Setting Up the Environment

Objectives

Clone the repository and run the automated setup script
Understand what setup.sh does at each step
Perform manual installation for CPU-only or custom CUDA setups
Verify that PyTorch, DGL, and the ais_dgl package work together
Register a Jupyter kernel for notebook usage

Quick Start

The fastest way to get started is the automated setup script:

git clone https://github.com/NAICNO/wp7-UC5-ais-classification-gnn.git
cd graph-based-classification-of-ais-time-series-data
chmod +x setup.sh
./setup.sh
source venv/bin/activate

What `setup.sh` Does

The setup script performs these steps in order:

Detect GPU availability: Checks for nvidia-smi and queries the CUDA version to determine whether to install GPU or CPU packages
Create a Python virtual environment: Creates venv/ using python3 -m venv
Upgrade pip: Ensures the latest pip version is available
Install PyTorch: Installs PyTorch with the matching CUDA version (or CPU-only if no GPU is detected)
Install DGL: Installs the Deep Graph Library with the matching CUDA backend
Install the ais_dgl package: Installs the project package in development mode (pip install -e .)
Register Jupyter kernel: Creates an ais_dgl kernel for use in Jupyter notebooks

CUDA Version Matching

PyTorch and DGL must be installed with matching CUDA versions. The setup.sh script handles this automatically. If you see errors about CUDA version mismatches, delete the venv/ directory and run setup.sh again. The script reads the CUDA version from nvidia-smi output and selects the appropriate package index.

Manual Installation

If you need more control over the installation (e.g., a specific PyTorch version or CPU-only setup), follow these steps.

CPU-Only Installation

# Create and activate virtual environment
python3 -m venv venv
source venv/bin/activate
pip install --upgrade pip

# Install PyTorch (CPU only)
pip install torch torchvision --index-url https://download.pytorch.org/whl/cpu

# Install DGL (CPU only)
pip install dgl -f https://data.dgl.ai/wheels/repo.html

# Install project package
pip install -e .

GPU Installation (CUDA 12.x)

# Create and activate virtual environment
python3 -m venv venv
source venv/bin/activate
pip install --upgrade pip

# Install PyTorch with CUDA 12.1
pip install torch torchvision --index-url https://download.pytorch.org/whl/cu121

# Install DGL with CUDA 12.1
pip install dgl -f https://data.dgl.ai/wheels/cu121/repo.html

# Install project package
pip install -e .

GPU Installation (CUDA 11.x)

# Create and activate virtual environment
python3 -m venv venv
source venv/bin/activate
pip install --upgrade pip

# Install PyTorch with CUDA 11.8
pip install torch torchvision --index-url https://download.pytorch.org/whl/cu118

# Install DGL with CUDA 11.8
pip install dgl -f https://data.dgl.ai/wheels/cu118/repo.html

# Install project package
pip install -e .

Verify Installation

Run these checks to confirm everything is installed correctly:

# Check PyTorch and DGL versions
python -c "import torch; import dgl; print(f'PyTorch {torch.__version__}, DGL {dgl.__version__}')"

# Check CUDA availability
python -c "import torch; print(f'CUDA available: {torch.cuda.is_available()}')"

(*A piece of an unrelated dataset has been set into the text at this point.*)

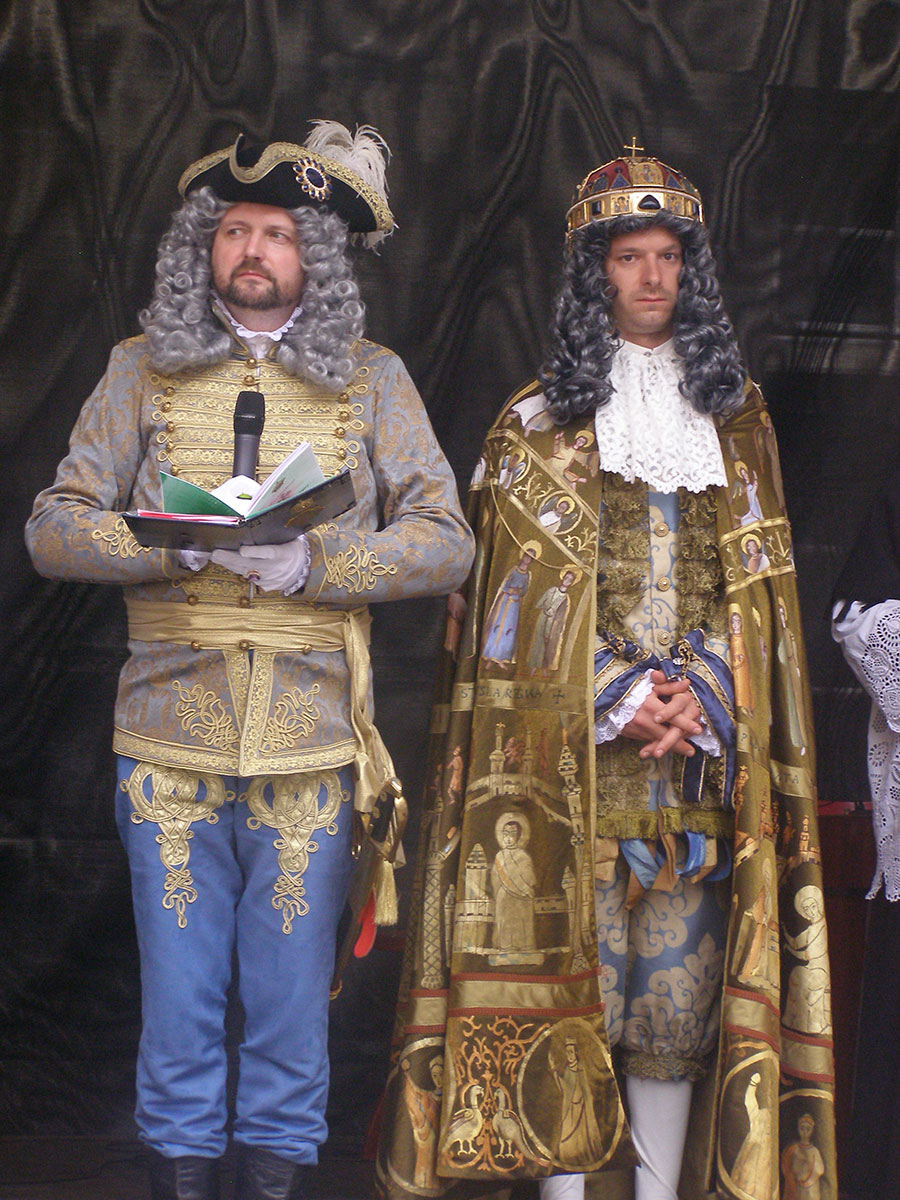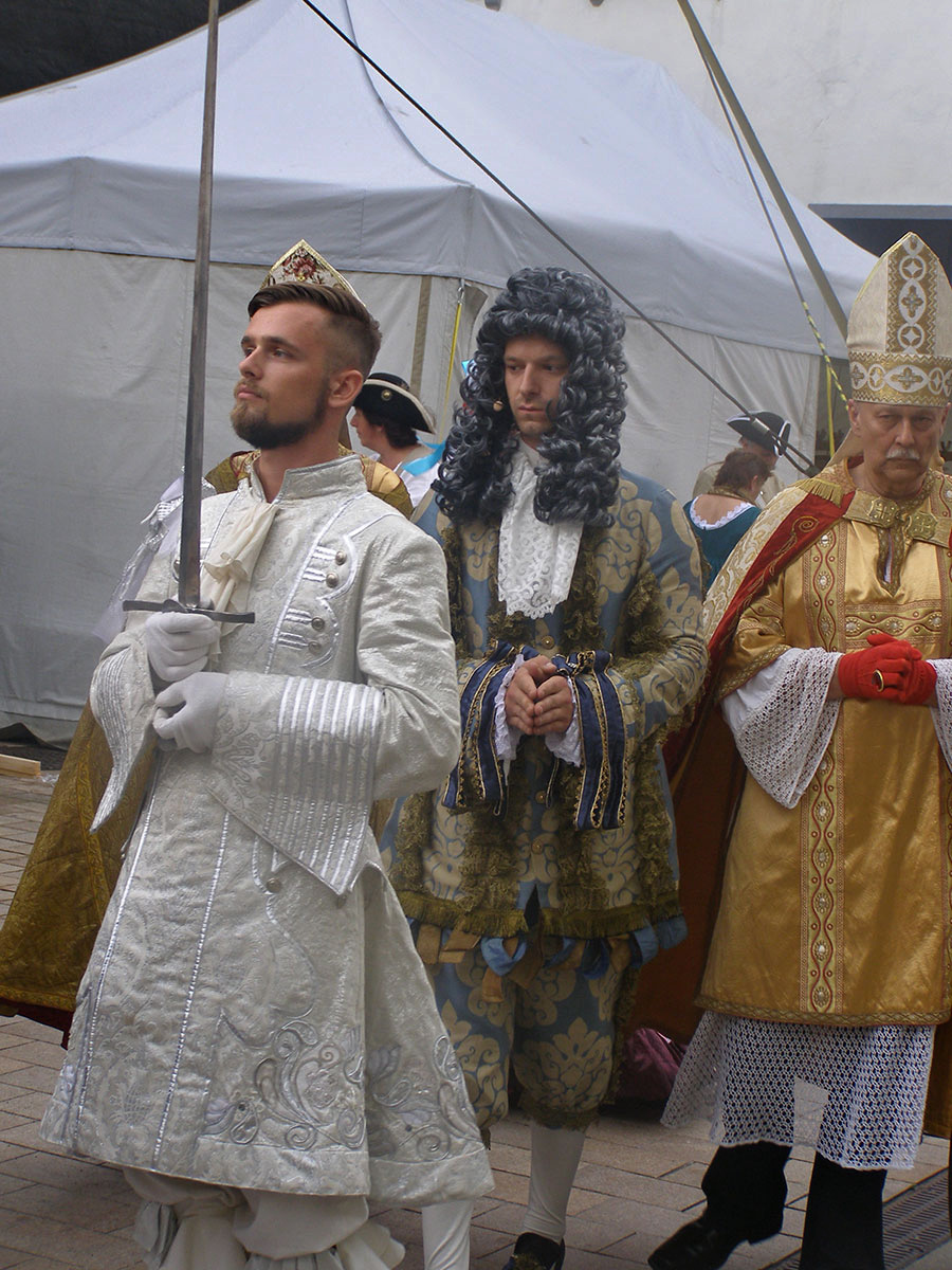 Празднества еще ни разу не повторялись. Каждый год туристов ожидает новая церемония, а значит, и новые впечатления. Ренессансную эпоху сменили времена барокко – и нынешняя коронация тому подтверждение. Мирослав говорит о том, что все костюмы абсолютно новые, шьются на заказ за границей, например, в Польше. Многие участники шествия прибывают уже со своими костюмами. Дамы в пышных платьях, кавалеры в расшитых золотом камзолах с кружевными манжетами, военные барабанщики, мушкетеры, послы иностранных государств – кого только нет на коронации. Многие участники следуют за королем на лошадях, которых привезли с конезавода под Брно. Императора Карла VI, которого здесь короновали в 1712 году как венгерского короля Карла III, изображает 28-летний актер Словацкого народного театра Лукаш Доза. Остальные герои коронации тоже молодые актеры из разных братиславских театров. Они с удовольствием позируют туристам, вступают с ними в шуточные диалоги.

# Check that DGL can create a graph
python -c "import dgl; g = dgl.graph(([0,1],[1,2])); print(f'DGL graph: {g.num_nodes()} nodes, {g.num_edges()} edges')"

# Run the test suite
pytest tests/ -v

Verifying DGL and PyTorch Work Together

A quick smoke test to confirm the full pipeline works:

import torch
import dgl

# Create a simple graph
g = dgl.graph(([0, 1, 2], [1, 2, 0]))
g = dgl.add_self_loop(g)

# Add node features
g.ndata['feat'] = torch.randn(3, 4)

# Test a GCN layer
from dgl.nn import GraphConv
conv = GraphConv(4, 2)
out = conv(g, g.ndata['feat'])
print(f'Input shape: {g.ndata["feat"].shape}')
print(f'Output shape: {out.shape}')
print('DGL + PyTorch integration OK')

If you have a GPU, also verify GPU tensor operations:

import torch
if torch.cuda.is_available():
    x = torch.randn(3, 4, device='cuda')
    print(f'GPU tensor device: {x.device}')
    print(f'GPU name: {torch.cuda.get_device_name(0)}')
else:
    print('No GPU available -- CPU mode will be used')

Jupyter Kernel Setup

To use the environment in Jupyter notebooks, register the kernel:

source venv/bin/activate
python -m ipykernel install --user --name=ais_dgl --display-name "AIS DGL (Python 3)"

Verify the kernel is registered:

jupyter kernelspec list

You should see ais_dgl in the list. When opening the notebook, select “AIS DGL (Python 3)” as the kernel.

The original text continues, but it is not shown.